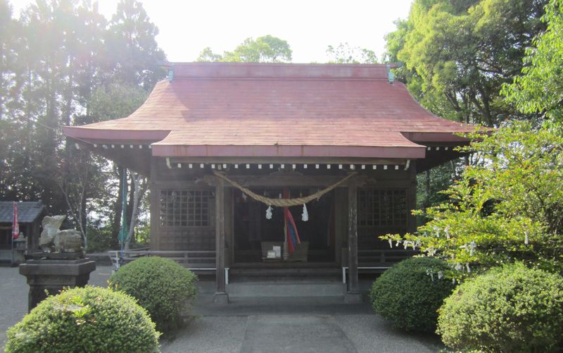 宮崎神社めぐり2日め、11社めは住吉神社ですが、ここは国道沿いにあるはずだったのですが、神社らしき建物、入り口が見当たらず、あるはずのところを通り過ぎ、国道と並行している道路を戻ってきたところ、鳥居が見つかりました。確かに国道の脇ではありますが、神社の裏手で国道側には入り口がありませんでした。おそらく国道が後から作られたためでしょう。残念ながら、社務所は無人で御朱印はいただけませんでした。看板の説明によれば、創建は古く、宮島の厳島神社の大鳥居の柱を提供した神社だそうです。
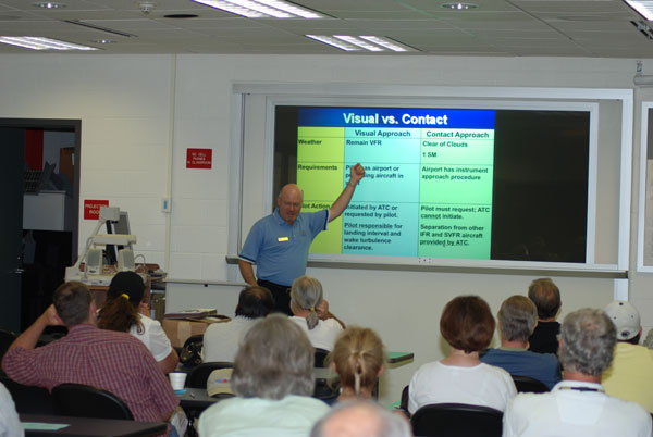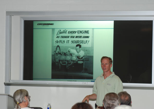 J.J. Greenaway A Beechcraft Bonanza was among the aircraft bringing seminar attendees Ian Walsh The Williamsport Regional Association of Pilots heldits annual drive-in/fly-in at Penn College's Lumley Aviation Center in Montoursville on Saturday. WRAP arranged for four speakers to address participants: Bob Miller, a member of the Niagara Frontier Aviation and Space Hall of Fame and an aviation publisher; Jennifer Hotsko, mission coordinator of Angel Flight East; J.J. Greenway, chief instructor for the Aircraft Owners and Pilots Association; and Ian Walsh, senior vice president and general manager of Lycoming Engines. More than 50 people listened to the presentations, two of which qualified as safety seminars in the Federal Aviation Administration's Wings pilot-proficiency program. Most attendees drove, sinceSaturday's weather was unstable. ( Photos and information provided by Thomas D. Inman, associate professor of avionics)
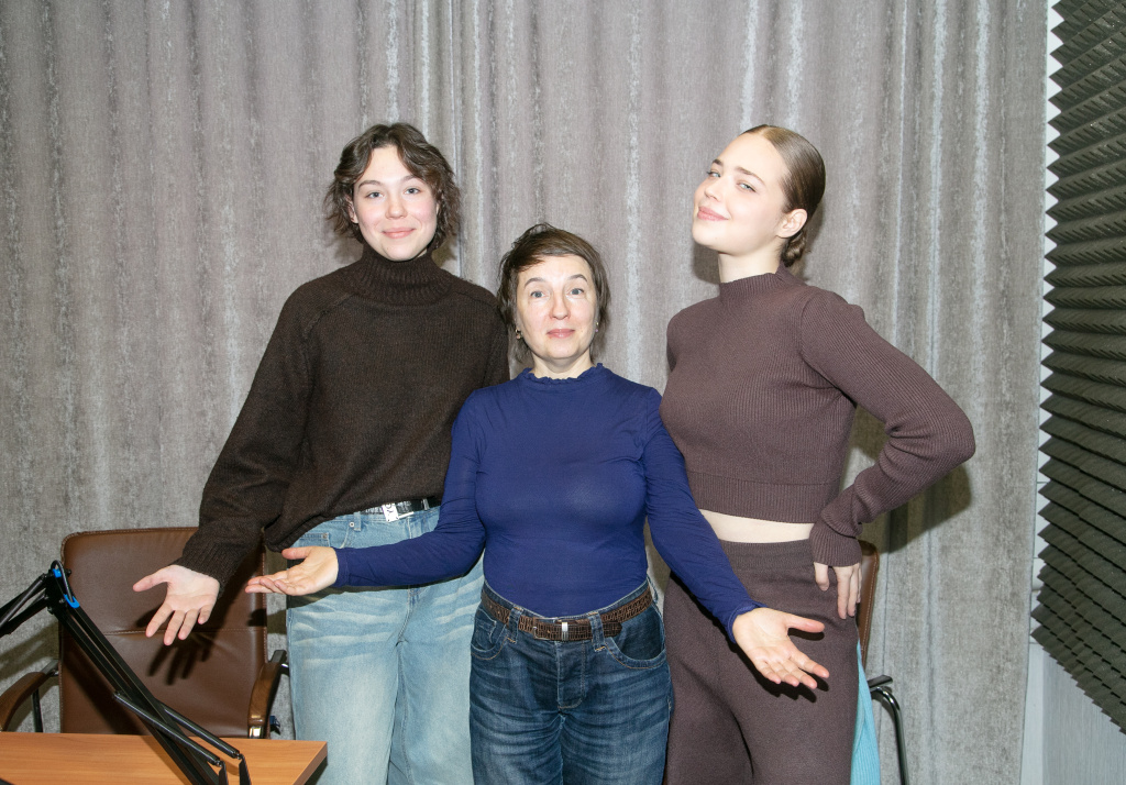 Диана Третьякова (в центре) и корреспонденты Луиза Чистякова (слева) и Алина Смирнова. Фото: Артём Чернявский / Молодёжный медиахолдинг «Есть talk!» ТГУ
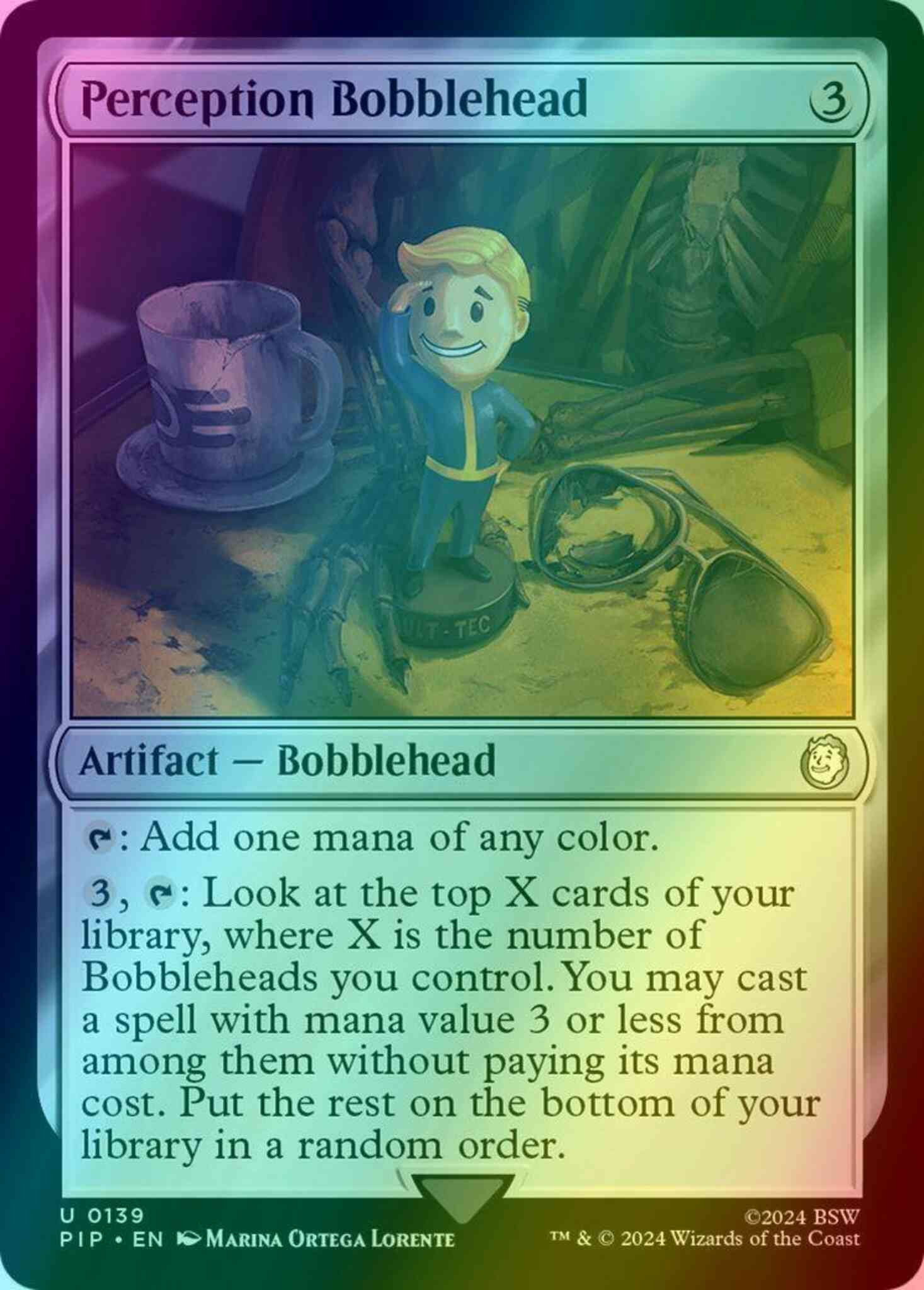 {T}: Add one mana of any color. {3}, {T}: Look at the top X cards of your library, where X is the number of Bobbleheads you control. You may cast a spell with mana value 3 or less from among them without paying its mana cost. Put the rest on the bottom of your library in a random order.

**********

WHAT IS REQUIRED: Write out the material above exactly, and omit the pictures it holds.

OUTPUT FOR THIS TASK:
 宮崎神社めぐり2日め、11社めは住吉神社ですが、ここは国道沿いにあるはずだったのですが、神社らしき建物、入り口が見当たらず、あるはずのところを通り過ぎ、国道と並行している道路を戻ってきたところ、鳥居が見つかりました。確かに国道の脇ではありますが、神社の裏手で国道側には入り口がありませんでした。おそらく国道が後から作られたためでしょう。残念ながら、社務所は無人で御朱印はいただけませんでした。看板の説明によれば、創建は古く、宮島の厳島神社の大鳥居の柱を提供した神社だそうです。
 J.J. Greenaway A Beechcraft Bonanza was among the aircraft bringing seminar attendees Ian Walsh The Williamsport Regional Association of Pilots heldits annual drive-in/fly-in at Penn College's Lumley Aviation Center in Montoursville on Saturday. WRAP arranged for four speakers to address participants: Bob Miller, a member of the Niagara Frontier Aviation and Space Hall of Fame and an aviation publisher; Jennifer Hotsko, mission coordinator of Angel Flight East; J.J. Greenway, chief instructor for the Aircraft Owners and Pilots Association; and Ian Walsh, senior vice president and general manager of Lycoming Engines. More than 50 people listened to the presentations, two of which qualified as safety seminars in the Federal Aviation Administration's Wings pilot-proficiency program. Most attendees drove, sinceSaturday's weather was unstable. ( Photos and information provided by Thomas D. Inman, associate professor of avionics)
 Диана Третьякова (в центре) и корреспонденты Луиза Чистякова (слева) и Алина Смирнова. Фото: Артём Чернявский / Молодёжный медиахолдинг «Есть talk!» ТГУ
 {T}: Add one mana of any color. {3}, {T}: Look at the top X cards of your library, where X is the number of Bobbleheads you control. You may cast a spell with mana value 3 or less from among them without paying its mana cost. Put the rest on the bottom of your library in a random order.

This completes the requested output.